FTC Judge vs Judge Advisor

I’ve been judging FTC (FIRST Tech Challenge) competitions for many years. It’s a lot of fun. The kids tell you about their robot and outreach and learnings and more. You also negotiate with other judges to determine the award winners. And the day ends with some super excited kids finding out the result. It’s a great day.

There’s also a judge advisor role. The description includes

The Judge Advisor coordinates the judging process, which includes facilitating group deliberation sessions, ensuring the award decisions are made, and the awards script is written. Sometimes the Judge Advisor trains judges and can help in scheduling the judging interviews. The Judges, Judge Advisor Assistant, and Judge Match Observers look to the Judge Advisor for training materials, schedules, and other general questions throughout the
event.

I was asked a few years ago about being Judge Advisor and passed. I like judging a lot. The judge advisor doesn’t get to interview the teams or make any decisions/negotiate. They are a manager and facilitator.

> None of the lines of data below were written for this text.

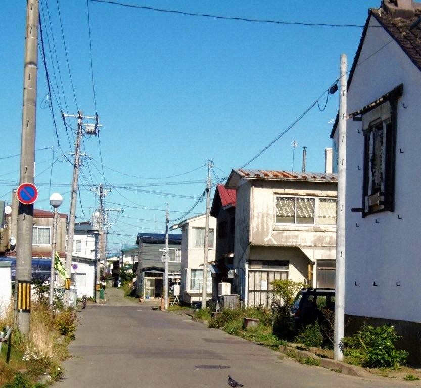 洲崎通りと呼ばれた大町5丁目から7丁目は、昭和初期までは釧路の中心市街地として釧路の経済を支えた通りです。今は舗装道路沿いの住宅の中に鉄工場、商店、銭湯がある静かな住宅街ですが、一歩裏通りに入ると、子どものころに仲間と走り回り、おじさん、おばさんに怒られた小路、袋小路が残っている住宅街です。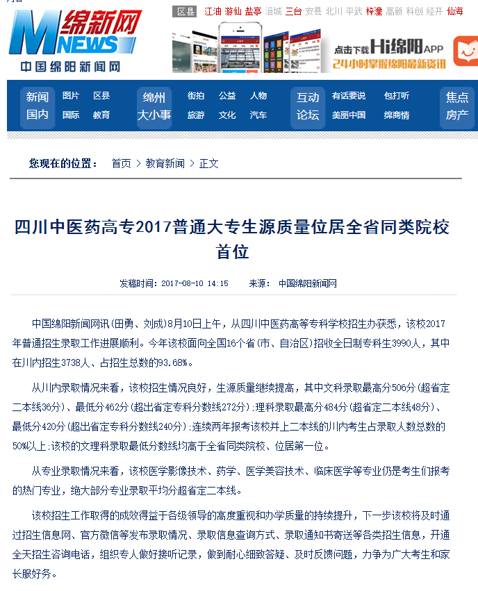 中国绵阳新闻网讯(田勇、刘成)8月10日上午,从四川中医药高等专科学校招生办获悉,该校2017年普通招生录取工作进展顺利。今年该校面向全国16个省(市、自治区)招收全日制专科生3990人,其中在川内招生3738人、占招生总数的93.68%。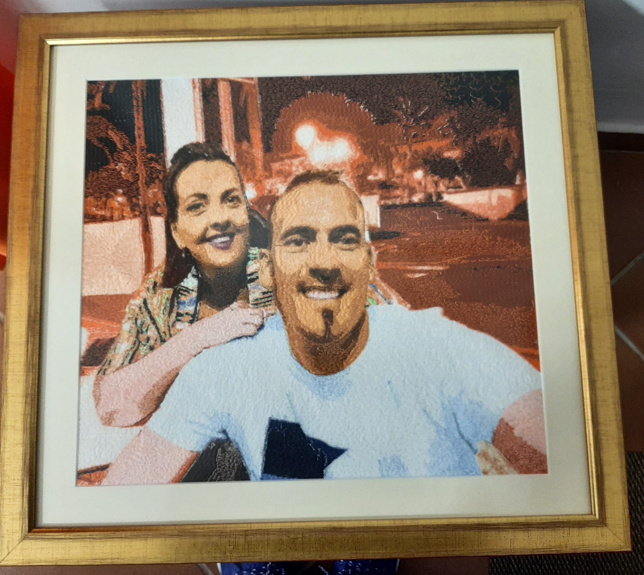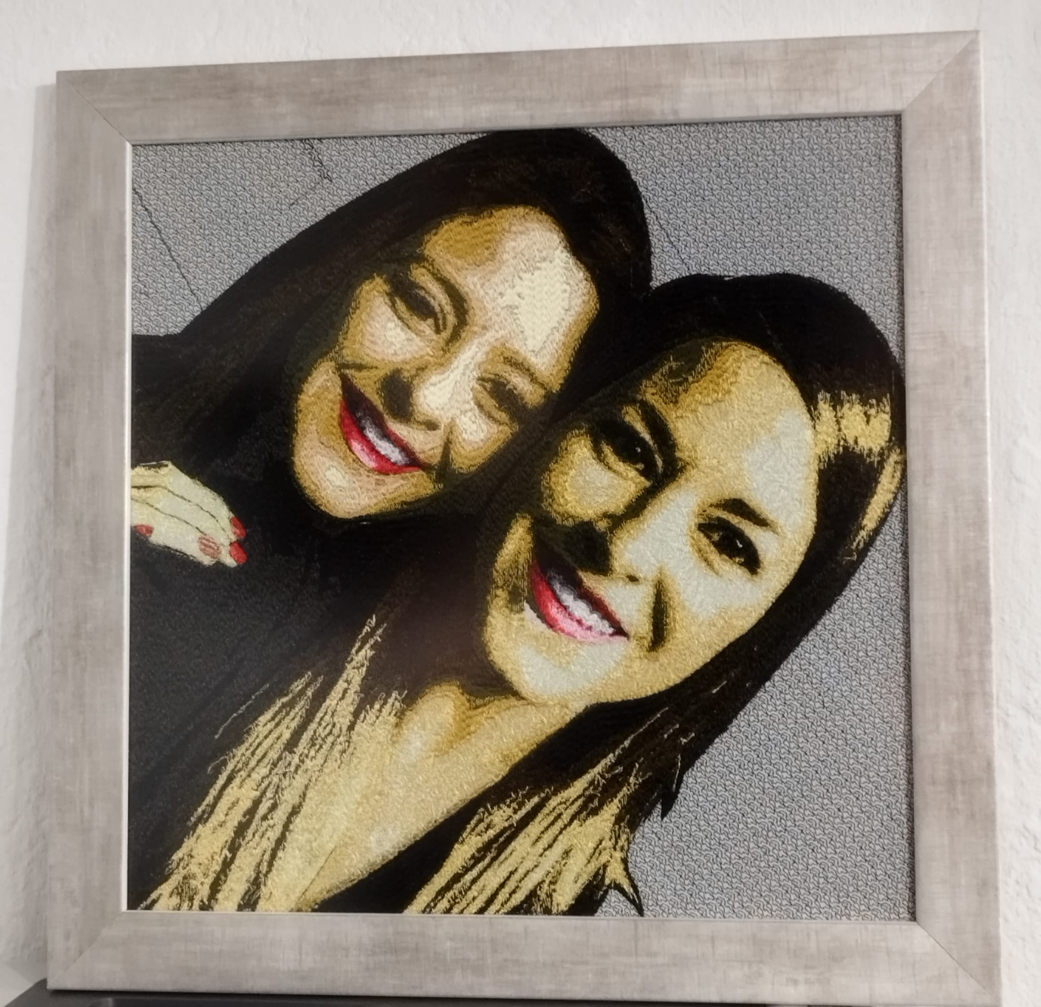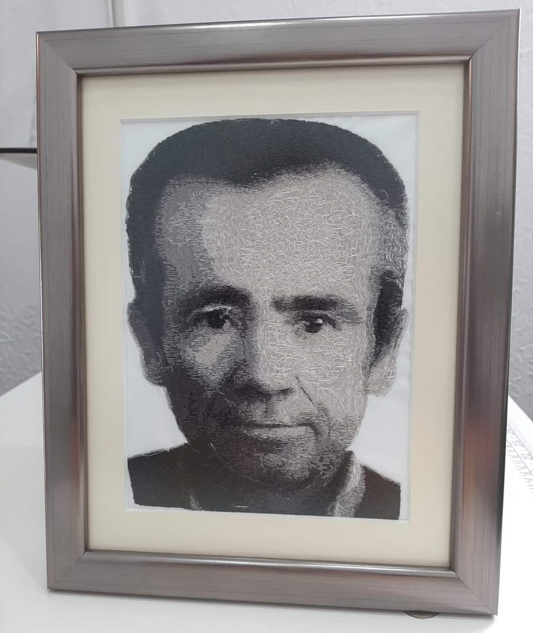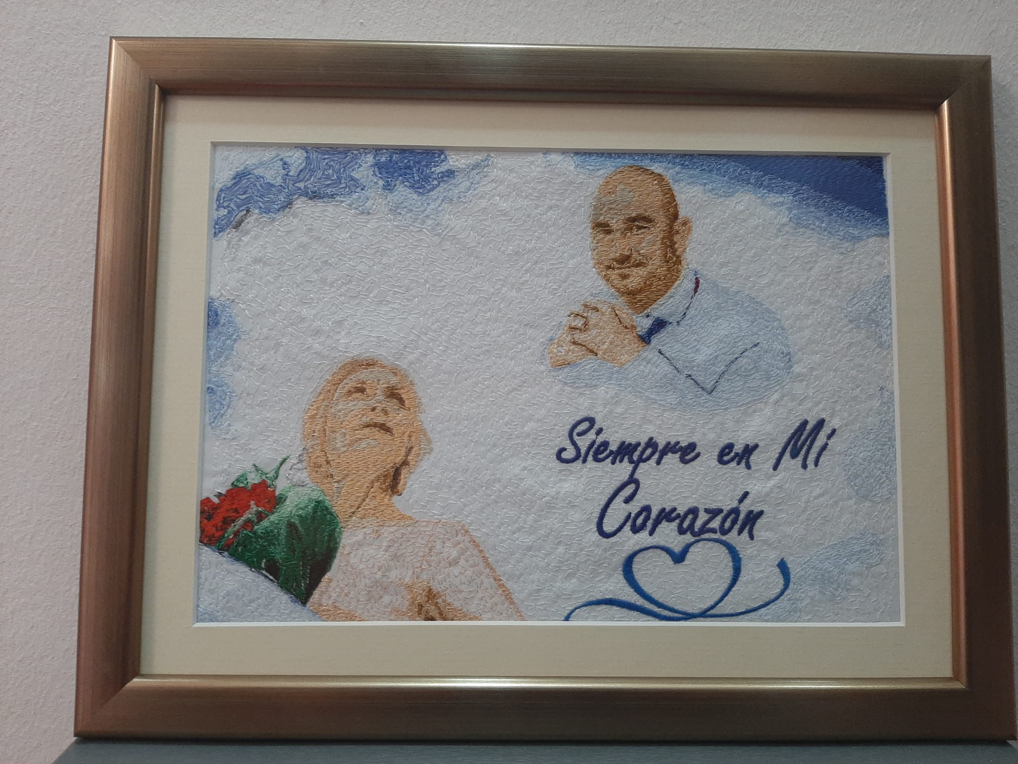 Foto bordada sobre tela con marco, un recuerdo artesanal que transforma tus momentos en arte.

I got to the event on Saturday and was greeted with the event coordinators telling me their judge advisor couldn’t come unexpectedly and could I do it. I said yes. While it isn’t my first choice of role, I am qualified to. I was also the most experienced judge in the room (by a good amount.) I also appreciate that they asked/told me in the form of a question. If they had asked me two weeks ago, I’d have said no because there was still time to find someone more excited about the role. Day of, choices are limited!

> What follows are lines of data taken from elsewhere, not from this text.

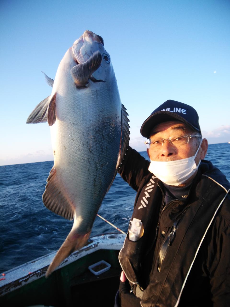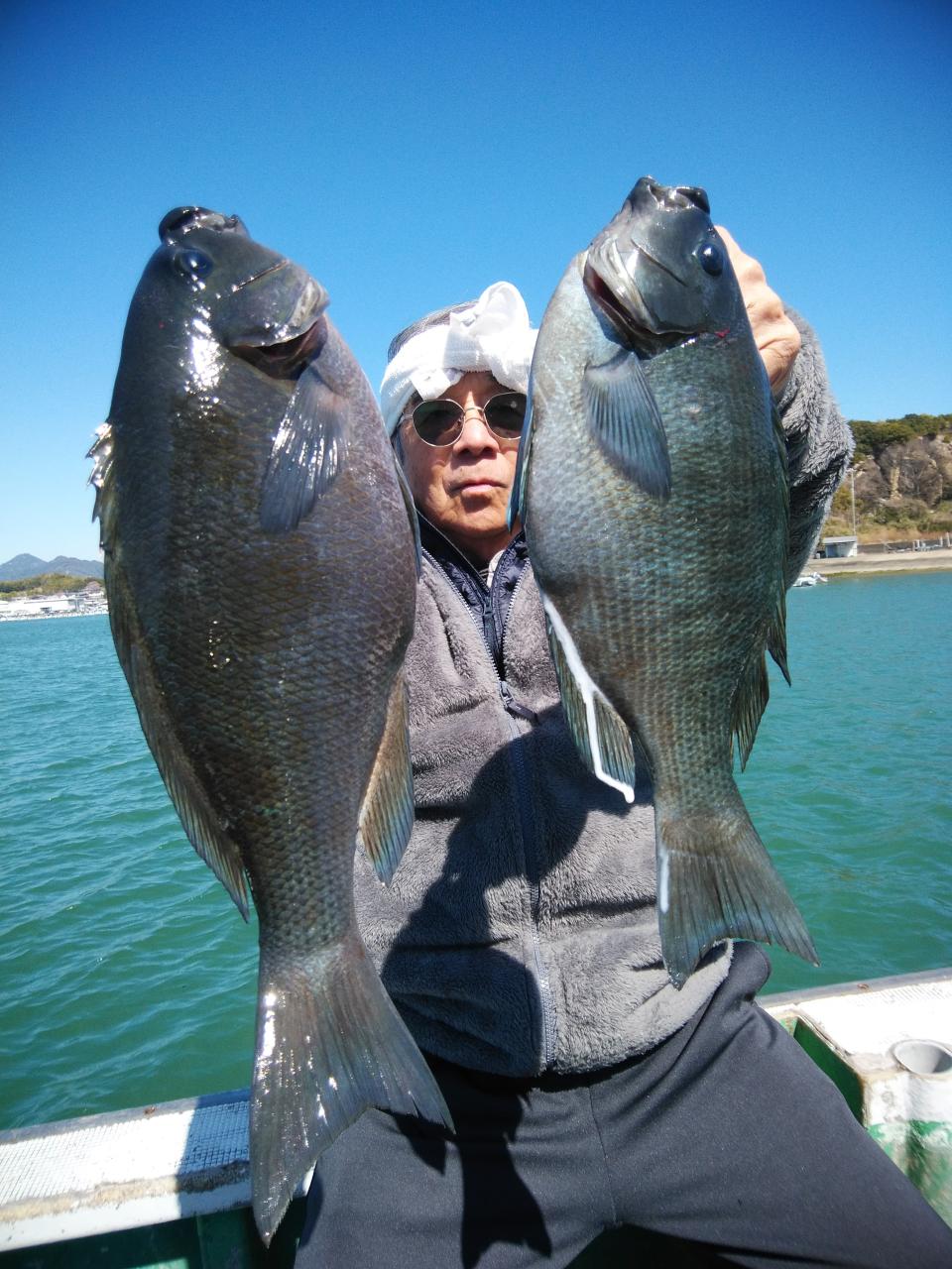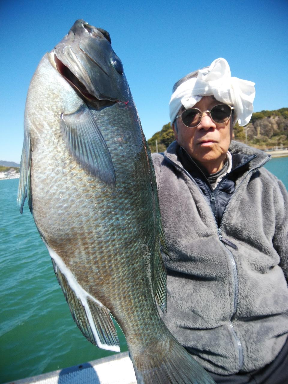 北西の風で、下り潮でした。風と潮とが同調していて田中様、石丸様、42㎝頭に27枚釣ってくれて良かったです。寒グレ、白子パンパンで吹き出していました。
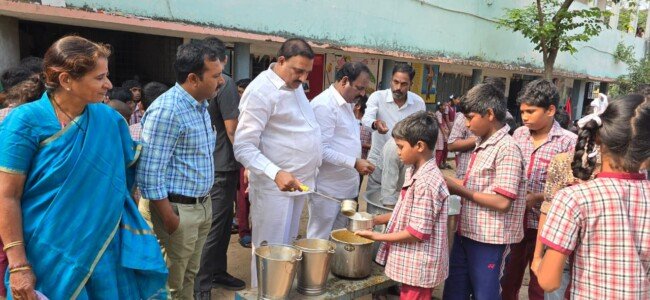 శేరిలింగంపల్లి విజయభారతి న్యూస్ ; శేరిలింగంపల్లి డివిజన్ పరిధిలోని లింగంపల్లి ప్రభుత్వ జిల్లా పరిషత్ ఉన్నత పాఠశాలలో మంగళవారం రోజు కార్పొరేటర్ రాగం నాగేందర్ యాదవ్ తో కలిసి ఆకస్మికంగా తనిఖీ చేసి, మధ్యాహ్నం భోజనం మెనూ ను పరిశీలించి, విద్యార్థులకు మధ్యాహ్నం భోజనం వడ్డించిన పిఎసి చైర్మన్ ఆరెకపూడి గాంధీ. ఈ సందర్భంగా శేరిలింగంపల్లి ఎమ్మెల్యే మరియు పిఎసి చైర్మన్ గాంధీ మాట్లాడుతూ.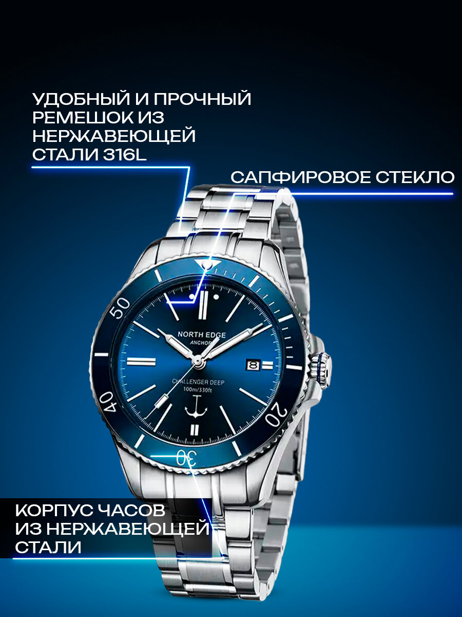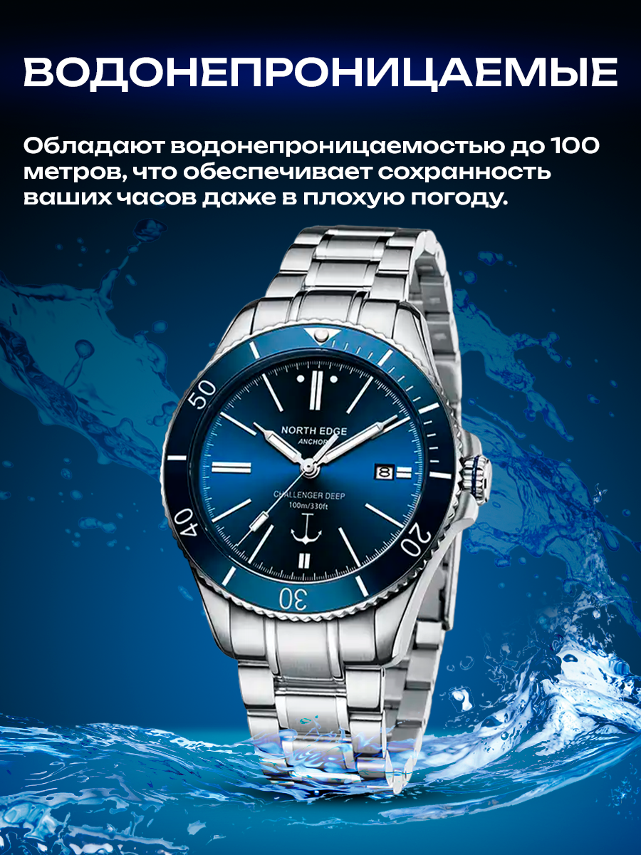 | Особенности | водонепроницаемые, поворотный безель, противоударные |

What’s interesting about the combination of managing and facilitating is that I very much like facilitating and very much dislike managing. I was able to train folks, form groups, enforce standards and keep things on track.

I definitely relied on crowd sourcing. I wrote constraints on the board and explained what I was trying to accomplish for groups. Having a dozen people “check your work” real time is great quality control!

Overall, it was fine. We accomplished what we needed to and the judges/event staff were happy with how things went. But I still greatly prefer judging and will continue signing up as a judge for future events!

The circle of FRC and the importance of outreach

Yesterday, Stuyvesant Robotics did a demo at the Winter Garden in Lower Manhattan from 4-7pm. This was very special to me because I found out that FIRST robotics existed at a demo from the same team and the same location. It was many years ago, in fact some of the students doing the demo weren’t even born yet!

Me standing in front of a robot at the winter garden

I’m not exactly sure when the last demo there was but I think it was 2006 or 2007. I remember attending one competition as a spectator and another as a volunteer before volunteering as a mentor starting the 2009-2010 season. Either way, that’s a long time ago.

It’s a lot of fun at an outreach event because you get to share with others what makes this cool. And you get to see excited little kids learn about the robot. The pictures also shows driving a smaller FTC (FIRST Tech Challenge) robot and rolling the ball to the big FRC (FIRST Robotics Competition) robot to acquire it.

You never know who you will reach at an outreach event. They got me all these years ago. Coming full circle and seeing the event in the same place as a team member was great. Hopefully it won’t be well over another decade before the next demo in this location!

Teenagers showing two young children a robot
Young child driving a robot
young child rolling a ball to a robot

the value of a “talking stick”

Last weekend was the FRC (FIRST Robotics Challenge) kickoff where they announce the game for the season. Our team uses the time after kickoff on Saturday to discuss the rules and strategies in small groups followed up by one large group. (we have a lot of people; this is a very large group). And we use the day after kickoff to brainstorm in a large group all day to come up with a priority list and things to prototype. In past years, we’ve done this an atrium. Some years sitting on the floor and some dragging high school chairs/desks out.

And every year without fail, we have the problem of “sidebar” discussions. This has two impacts. One is that it becomes hard to hear the “main” thread of conversation. The other is that the conversation tends to split off and people don’t hear what others are saying so we can’t move forward as a group.

We try to enforce having to raise your hand and get called on before speaking. But people get excited and… well, lots of people talking.

This year, we used the cafeteria instead of the atrium. Saturday went as expected. When we got to the large group, there were numerous sidebars and it was hard to hear. It’s a long day and some of the kids were getting restless. Which meant more sidebars. Sunday started worse. We used a different part of the cafeteria and the vent was interfering. Forget sidebars, it was hard to hear the person speaking to the group from the other side of the group even when it was the teacher (who projects well) and nobody else was speaking.

We solved this problem by using two microphones.Then we could hear! The mic had a second advantage. Everyone had to raise their hand or we couldn’t hear them. Which meant we didn’t have a big problem with sidebars. There might have been some, but you couldn’t hear them so no problem there.

The mic was like a talking stick. You needed it to speak and it went great. One of the mentors started talking while holding the mic but not into it. (I couldn’t hear him.) I commented “you need to speak into the mic; it’s not a talking stick.”

I was wrong. It was a mic AND a talking stick.